PROMPT: Before printing the listing, strip out its pictures and keep everything else exact.

DATA EXCERPT:
------------------------------

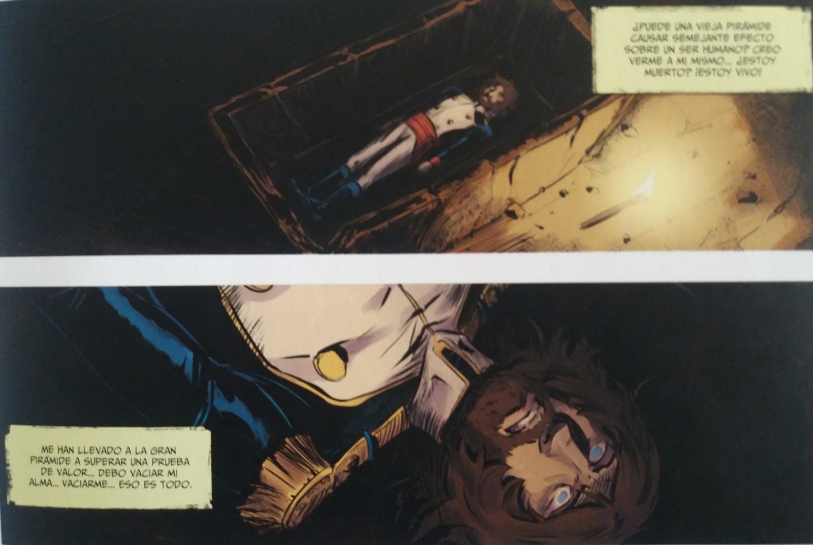 No todos los días ves a Napoleón metido en el sarcófago de la cámara del Rey en el corazón de la Gran Pirámide. Es una imagen que los muchos lectores de La pirámide inmortal, la popular novela de Javier Sierra que recrea desde la ficción la histórica pernoctación del general durante la conquista de Egipto, han tenido que representarse mentalmente, pero que desde ahora tiene materialización en el espectacular tramo central de la novela gráfica que con el mismo título han creado el guionista Salva Rubio y el dibujante Cesc Dalmases (con el color de Roger Surroca), y que publica Norma Editorial. Es la primera vez que una novela de Sierra se convierte en cómic.
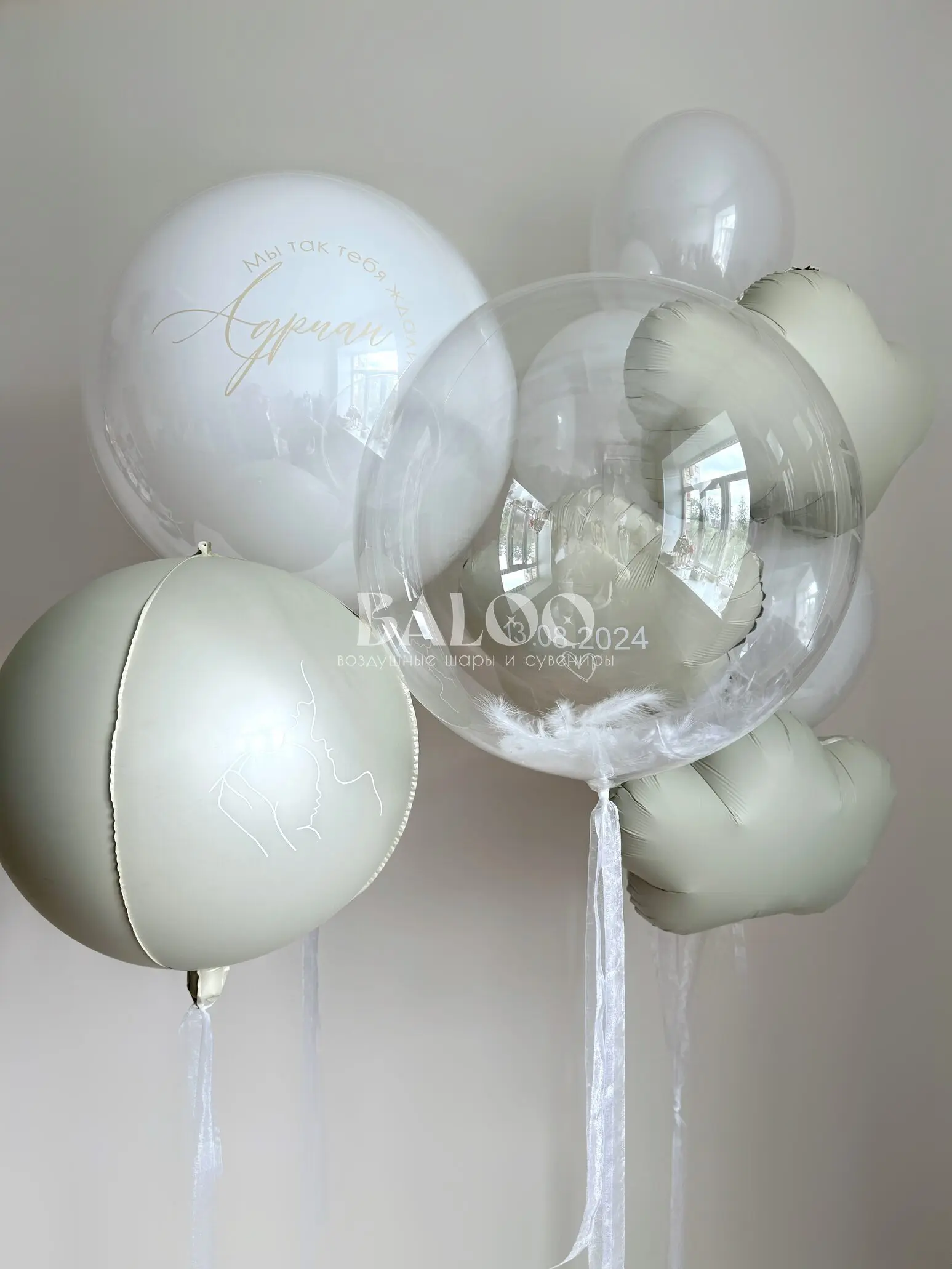 Набор гелиевых воздушных шаров на выписку с беживыми облаками №9845 — отзывы
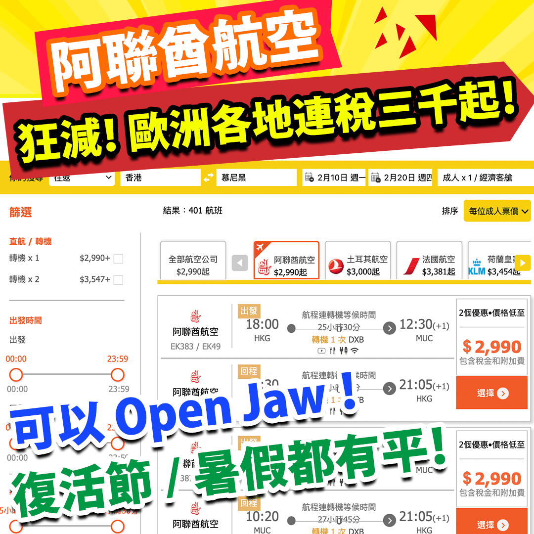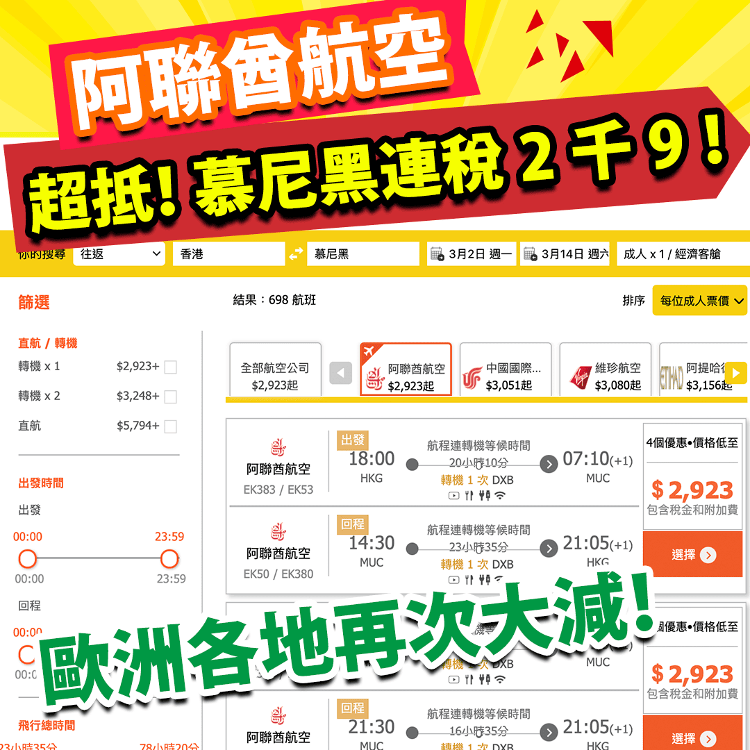 嘩嘩嘩!癲價中嘅癲價!連稅2千3起飛歐洲!真係極罕見!

------------------------------

YOUR SOLUTION:
 No todos los días ves a Napoleón metido en el sarcófago de la cámara del Rey en el corazón de la Gran Pirámide. Es una imagen que los muchos lectores de La pirámide inmortal, la popular novela de Javier Sierra que recrea desde la ficción la histórica pernoctación del general durante la conquista de Egipto, han tenido que representarse mentalmente, pero que desde ahora tiene materialización en el espectacular tramo central de la novela gráfica que con el mismo título han creado el guionista Salva Rubio y el dibujante Cesc Dalmases (con el color de Roger Surroca), y que publica Norma Editorial. Es la primera vez que una novela de Sierra se convierte en cómic.
 Набор гелиевых воздушных шаров на выписку с беживыми облаками №9845 — отзывы
 嘩嘩嘩!癲價中嘅癲價!連稅2千3起飛歐洲!真係極罕見!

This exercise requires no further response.